The new path is intended for high-throughput attention workloads on Adreno, especially:

  • large prefill
  • large noncausal attention
  • shapes where the current fa or nofuse routes are too slow, run out of memory, or fail to run

This PR does not claim a decode speedup.
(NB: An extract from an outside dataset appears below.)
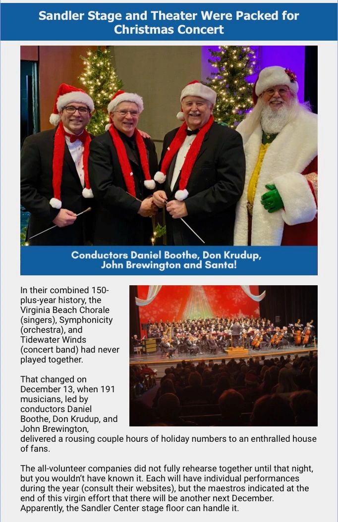 Tidewater Winds was proud to join in with Symphonicity and Virginia Beach Chorale for our annual Holiday Concert at Sandler Center for the Arts. The article to the left was submitted by Joel Rubin and for that we are grateful! A correction on the 3rd paragraph, we're not all, "all-volunteer".

In current q=1 decode tests, the existing fa / nofuse routes are still faster.

Implementation

  • adds Adreno xmem attention kernels for:
    • Q/K/V staging
    • K/V packing
    • QK GEMM
    • softmax
    • PV GEMM
  • wires the path into ggml-opencl runtime behind an explicit env gate
  • adds test-opencl-adreno-attn to reproduce correctness and route-to-route performance
  • compiles the dedicated xmem QK/PV translation units before the rest of the OpenCL kernel set

Why the compile order change exists

On current Adreno drivers, compiling the xmem QK/PV kernels later in the overall OpenCL kernel load sequence can produce a materially slower device binary even with identical source and build options.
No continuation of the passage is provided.